- _What to do_:
In the records below, find the line containing "粉黛亂子草開花時(shí),綠葉為底,云", then copy that line and all lines after it, exactly, omitting every picture.

======== Records supplied

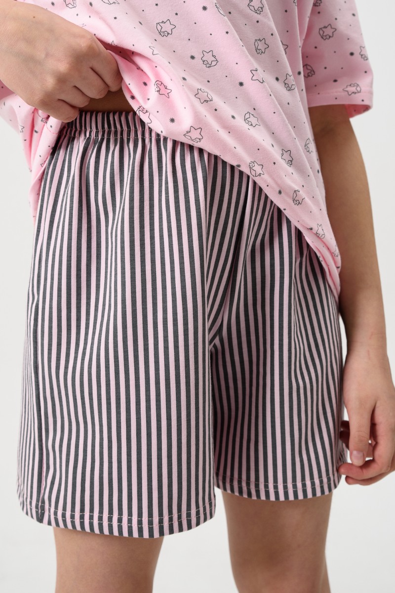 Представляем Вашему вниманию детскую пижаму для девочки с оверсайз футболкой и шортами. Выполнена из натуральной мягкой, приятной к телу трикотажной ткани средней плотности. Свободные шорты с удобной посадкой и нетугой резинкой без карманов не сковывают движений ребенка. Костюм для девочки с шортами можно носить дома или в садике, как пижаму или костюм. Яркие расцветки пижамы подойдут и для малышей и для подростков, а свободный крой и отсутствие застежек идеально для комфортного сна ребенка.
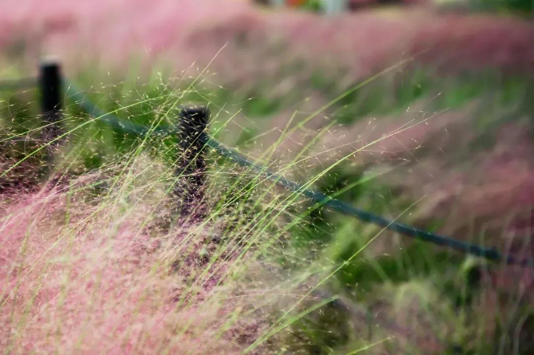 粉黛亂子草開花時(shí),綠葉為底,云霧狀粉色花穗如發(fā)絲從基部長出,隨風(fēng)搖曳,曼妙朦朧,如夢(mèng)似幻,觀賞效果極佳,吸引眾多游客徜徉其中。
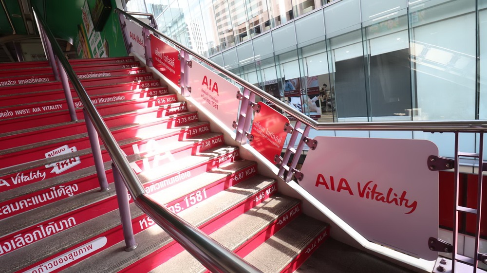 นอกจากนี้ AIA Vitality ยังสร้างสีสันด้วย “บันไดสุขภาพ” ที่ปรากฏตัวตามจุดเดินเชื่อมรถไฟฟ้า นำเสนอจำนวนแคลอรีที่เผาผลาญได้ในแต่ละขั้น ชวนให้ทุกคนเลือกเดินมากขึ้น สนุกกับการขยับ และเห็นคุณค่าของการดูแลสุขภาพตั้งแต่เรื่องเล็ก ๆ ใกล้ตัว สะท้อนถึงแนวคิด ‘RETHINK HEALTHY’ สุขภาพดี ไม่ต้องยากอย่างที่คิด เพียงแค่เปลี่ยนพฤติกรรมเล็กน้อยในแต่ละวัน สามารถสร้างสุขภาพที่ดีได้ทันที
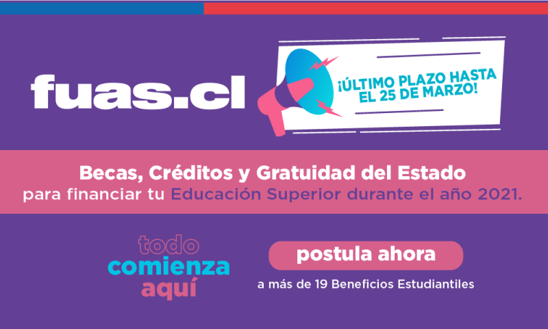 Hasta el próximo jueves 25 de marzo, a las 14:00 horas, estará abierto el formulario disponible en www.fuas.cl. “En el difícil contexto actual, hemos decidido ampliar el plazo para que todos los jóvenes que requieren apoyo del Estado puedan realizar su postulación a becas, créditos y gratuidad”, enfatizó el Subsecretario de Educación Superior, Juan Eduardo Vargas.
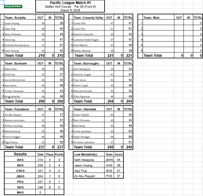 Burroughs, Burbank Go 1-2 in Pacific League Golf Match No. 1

================

- _Answer area_:
 粉黛亂子草開花時(shí),綠葉為底,云霧狀粉色花穗如發(fā)絲從基部長出,隨風(fēng)搖曳,曼妙朦朧,如夢(mèng)似幻,觀賞效果極佳,吸引眾多游客徜徉其中。
 นอกจากนี้ AIA Vitality ยังสร้างสีสันด้วย “บันไดสุขภาพ” ที่ปรากฏตัวตามจุดเดินเชื่อมรถไฟฟ้า นำเสนอจำนวนแคลอรีที่เผาผลาญได้ในแต่ละขั้น ชวนให้ทุกคนเลือกเดินมากขึ้น สนุกกับการขยับ และเห็นคุณค่าของการดูแลสุขภาพตั้งแต่เรื่องเล็ก ๆ ใกล้ตัว สะท้อนถึงแนวคิด ‘RETHINK HEALTHY’ สุขภาพดี ไม่ต้องยากอย่างที่คิด เพียงแค่เปลี่ยนพฤติกรรมเล็กน้อยในแต่ละวัน สามารถสร้างสุขภาพที่ดีได้ทันที
 Hasta el próximo jueves 25 de marzo, a las 14:00 horas, estará abierto el formulario disponible en www.fuas.cl. “En el difícil contexto actual, hemos decidido ampliar el plazo para que todos los jóvenes que requieren apoyo del Estado puedan realizar su postulación a becas, créditos y gratuidad”, enfatizó el Subsecretario de Educación Superior, Juan Eduardo Vargas.
 Burroughs, Burbank Go 1-2 in Pacific League Golf Match No. 1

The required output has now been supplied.